Collection entries:

Start of Block

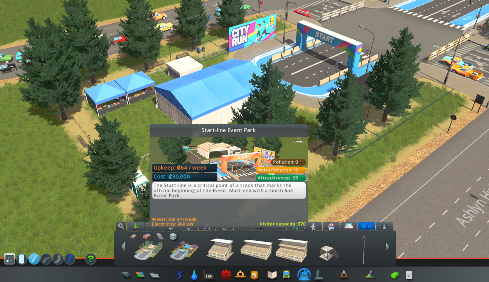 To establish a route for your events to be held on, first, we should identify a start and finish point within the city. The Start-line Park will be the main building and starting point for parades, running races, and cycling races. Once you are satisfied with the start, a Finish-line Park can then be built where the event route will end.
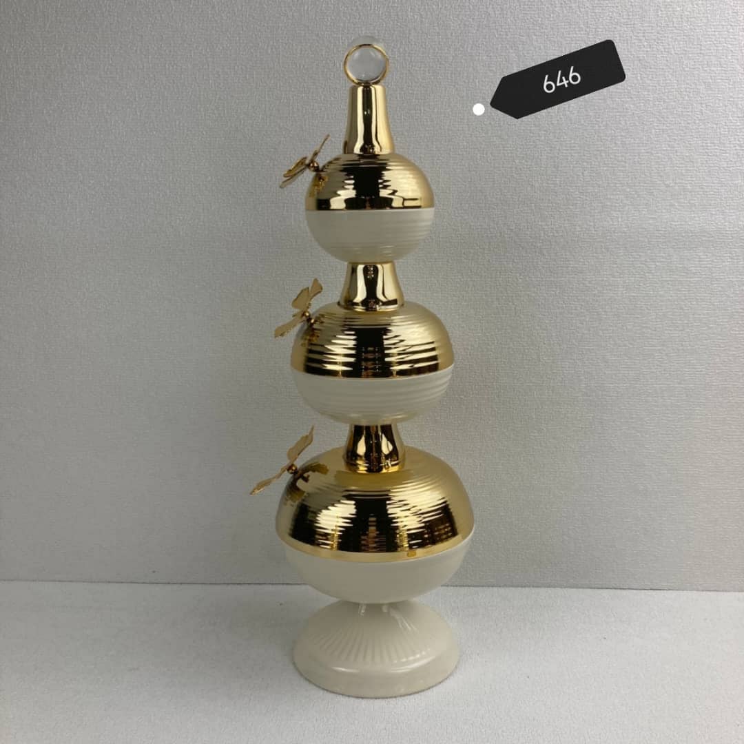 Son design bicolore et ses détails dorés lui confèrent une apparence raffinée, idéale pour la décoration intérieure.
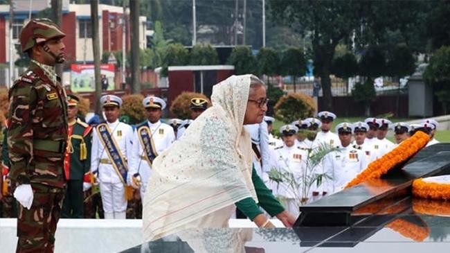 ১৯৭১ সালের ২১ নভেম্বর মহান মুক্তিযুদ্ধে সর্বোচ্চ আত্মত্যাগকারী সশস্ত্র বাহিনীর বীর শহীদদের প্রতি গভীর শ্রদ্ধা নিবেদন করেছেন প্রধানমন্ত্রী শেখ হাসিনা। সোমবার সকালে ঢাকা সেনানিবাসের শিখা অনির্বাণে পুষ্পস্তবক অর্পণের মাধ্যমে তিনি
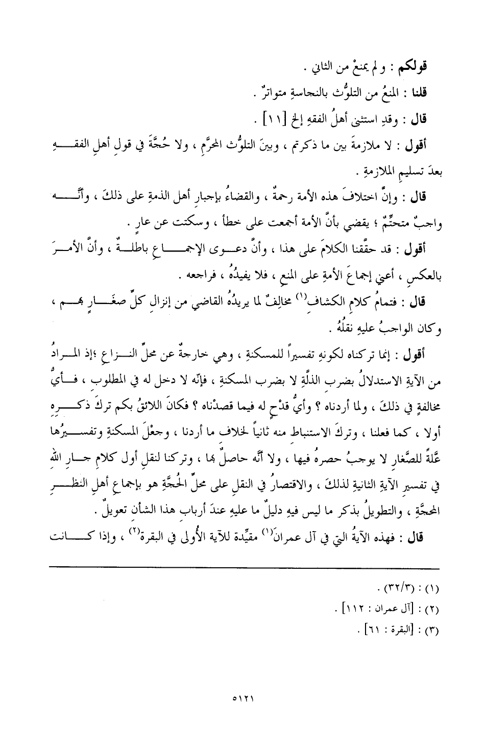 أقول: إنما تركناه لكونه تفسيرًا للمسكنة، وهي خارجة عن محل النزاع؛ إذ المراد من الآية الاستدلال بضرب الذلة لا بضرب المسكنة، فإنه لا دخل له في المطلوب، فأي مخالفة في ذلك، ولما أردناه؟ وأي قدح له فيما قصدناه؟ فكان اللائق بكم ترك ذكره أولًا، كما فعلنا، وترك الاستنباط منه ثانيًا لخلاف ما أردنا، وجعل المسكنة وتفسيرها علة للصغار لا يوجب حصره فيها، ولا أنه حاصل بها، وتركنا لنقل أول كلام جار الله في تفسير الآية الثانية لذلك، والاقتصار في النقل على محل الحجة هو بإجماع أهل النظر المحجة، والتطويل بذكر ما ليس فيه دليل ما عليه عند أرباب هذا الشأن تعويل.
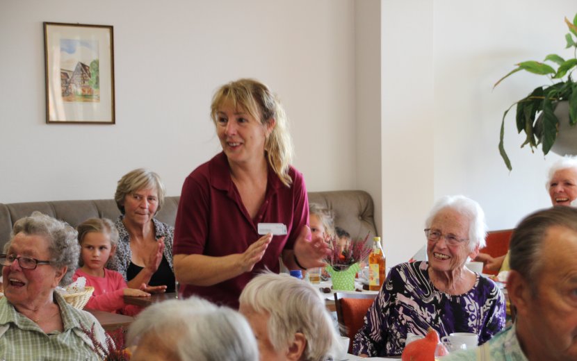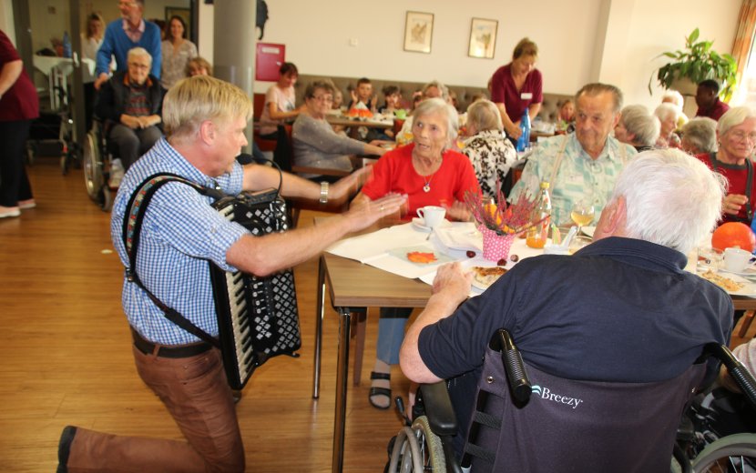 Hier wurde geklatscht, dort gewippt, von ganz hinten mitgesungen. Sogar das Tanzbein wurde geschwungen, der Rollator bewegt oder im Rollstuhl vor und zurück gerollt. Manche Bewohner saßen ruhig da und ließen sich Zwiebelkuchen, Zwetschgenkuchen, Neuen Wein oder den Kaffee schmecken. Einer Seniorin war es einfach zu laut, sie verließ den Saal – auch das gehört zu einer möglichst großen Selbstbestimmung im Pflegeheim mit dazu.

End of Block

| Problem to solve |
Could you write out every line above exactly as it stands, with no images?

| Result below |
 To establish a route for your events to be held on, first, we should identify a start and finish point within the city. The Start-line Park will be the main building and starting point for parades, running races, and cycling races. Once you are satisfied with the start, a Finish-line Park can then be built where the event route will end.
 Son design bicolore et ses détails dorés lui confèrent une apparence raffinée, idéale pour la décoration intérieure.
 ১৯৭১ সালের ২১ নভেম্বর মহান মুক্তিযুদ্ধে সর্বোচ্চ আত্মত্যাগকারী সশস্ত্র বাহিনীর বীর শহীদদের প্রতি গভীর শ্রদ্ধা নিবেদন করেছেন প্রধানমন্ত্রী শেখ হাসিনা। সোমবার সকালে ঢাকা সেনানিবাসের শিখা অনির্বাণে পুষ্পস্তবক অর্পণের মাধ্যমে তিনি
 أقول: إنما تركناه لكونه تفسيرًا للمسكنة، وهي خارجة عن محل النزاع؛ إذ المراد من الآية الاستدلال بضرب الذلة لا بضرب المسكنة، فإنه لا دخل له في المطلوب، فأي مخالفة في ذلك، ولما أردناه؟ وأي قدح له فيما قصدناه؟ فكان اللائق بكم ترك ذكره أولًا، كما فعلنا، وترك الاستنباط منه ثانيًا لخلاف ما أردنا، وجعل المسكنة وتفسيرها علة للصغار لا يوجب حصره فيها، ولا أنه حاصل بها، وتركنا لنقل أول كلام جار الله في تفسير الآية الثانية لذلك، والاقتصار في النقل على محل الحجة هو بإجماع أهل النظر المحجة، والتطويل بذكر ما ليس فيه دليل ما عليه عند أرباب هذا الشأن تعويل.
 Hier wurde geklatscht, dort gewippt, von ganz hinten mitgesungen. Sogar das Tanzbein wurde geschwungen, der Rollator bewegt oder im Rollstuhl vor und zurück gerollt. Manche Bewohner saßen ruhig da und ließen sich Zwiebelkuchen, Zwetschgenkuchen, Neuen Wein oder den Kaffee schmecken. Einer Seniorin war es einfach zu laut, sie verließ den Saal – auch das gehört zu einer möglichst großen Selbstbestimmung im Pflegeheim mit dazu.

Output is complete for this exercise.